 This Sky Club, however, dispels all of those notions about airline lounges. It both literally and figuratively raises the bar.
============
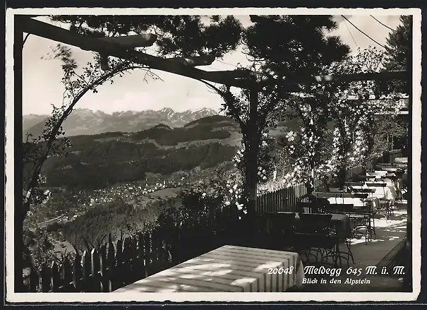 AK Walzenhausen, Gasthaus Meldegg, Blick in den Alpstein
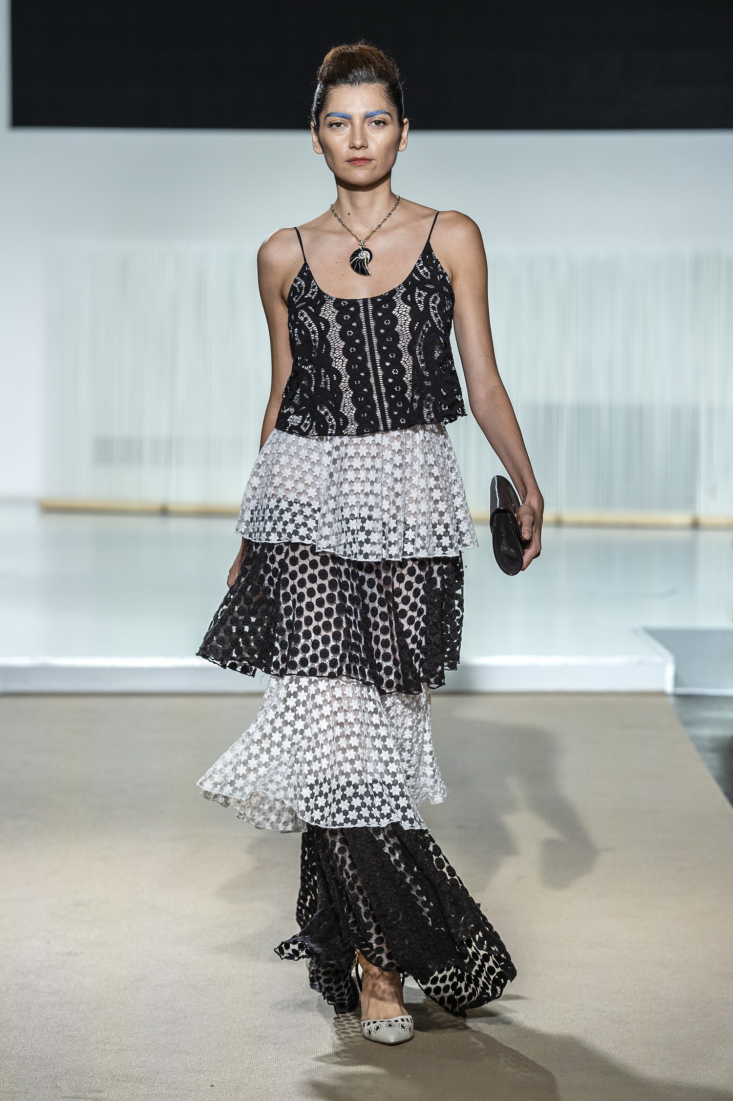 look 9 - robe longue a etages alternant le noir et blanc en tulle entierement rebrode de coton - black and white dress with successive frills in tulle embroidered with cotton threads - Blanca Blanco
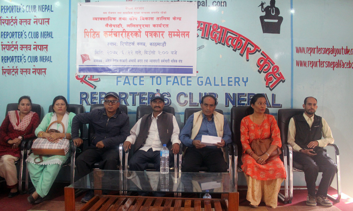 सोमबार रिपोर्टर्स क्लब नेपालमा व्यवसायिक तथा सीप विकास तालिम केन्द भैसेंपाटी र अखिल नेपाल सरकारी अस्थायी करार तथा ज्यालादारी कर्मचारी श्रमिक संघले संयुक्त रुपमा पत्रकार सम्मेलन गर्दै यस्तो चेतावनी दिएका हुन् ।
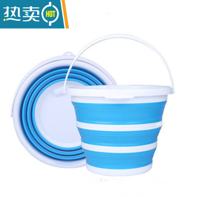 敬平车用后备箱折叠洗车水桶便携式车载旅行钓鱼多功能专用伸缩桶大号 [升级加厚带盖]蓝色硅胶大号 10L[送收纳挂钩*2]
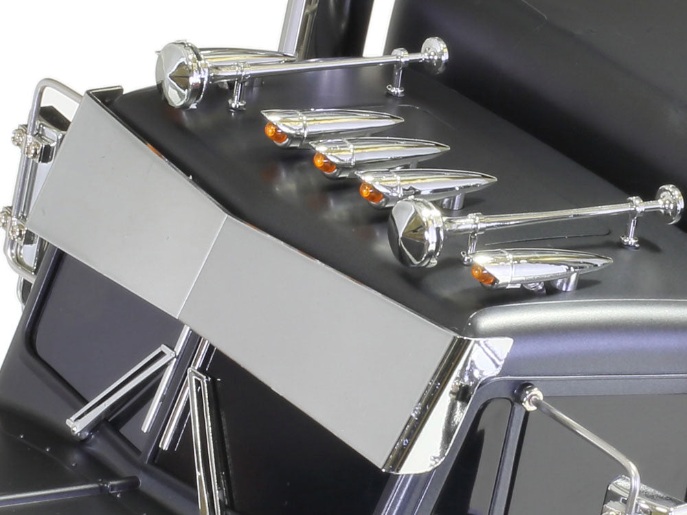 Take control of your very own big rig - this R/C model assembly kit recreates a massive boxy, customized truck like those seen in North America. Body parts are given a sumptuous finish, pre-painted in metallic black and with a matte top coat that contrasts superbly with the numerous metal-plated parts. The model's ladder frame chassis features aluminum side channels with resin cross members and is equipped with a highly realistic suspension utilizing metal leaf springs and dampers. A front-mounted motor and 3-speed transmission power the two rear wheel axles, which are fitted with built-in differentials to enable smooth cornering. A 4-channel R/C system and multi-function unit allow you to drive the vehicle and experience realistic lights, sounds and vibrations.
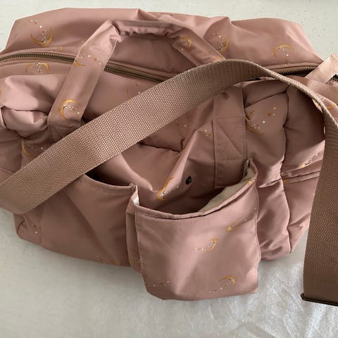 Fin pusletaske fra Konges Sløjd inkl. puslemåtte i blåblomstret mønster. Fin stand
============
▸ **WORK TO BE COMPLETED**:
Pictures are to be left out. Write out only the lines above starting at the one with "AK Walzenhausen, Gasthaus" and ending at the one with "敬平车用后备箱折叠洗车水桶便携式车载旅行钓鱼多功能专用伸缩桶大号 [升级加厚带盖]蓝色硅胶大号 10L[送收纳挂钩*2]", both lines included, exactly.

▸ **RESULT FOR THIS TASK**:
 AK Walzenhausen, Gasthaus Meldegg, Blick in den Alpstein
 look 9 - robe longue a etages alternant le noir et blanc en tulle entierement rebrode de coton - black and white dress with successive frills in tulle embroidered with cotton threads - Blanca Blanco
 सोमबार रिपोर्टर्स क्लब नेपालमा व्यवसायिक तथा सीप विकास तालिम केन्द भैसेंपाटी र अखिल नेपाल सरकारी अस्थायी करार तथा ज्यालादारी कर्मचारी श्रमिक संघले संयुक्त रुपमा पत्रकार सम्मेलन गर्दै यस्तो चेतावनी दिएका हुन् ।
 敬平车用后备箱折叠洗车水桶便携式车载旅行钓鱼多功能专用伸缩桶大号 [升级加厚带盖]蓝色硅胶大号 10L[送收纳挂钩*2]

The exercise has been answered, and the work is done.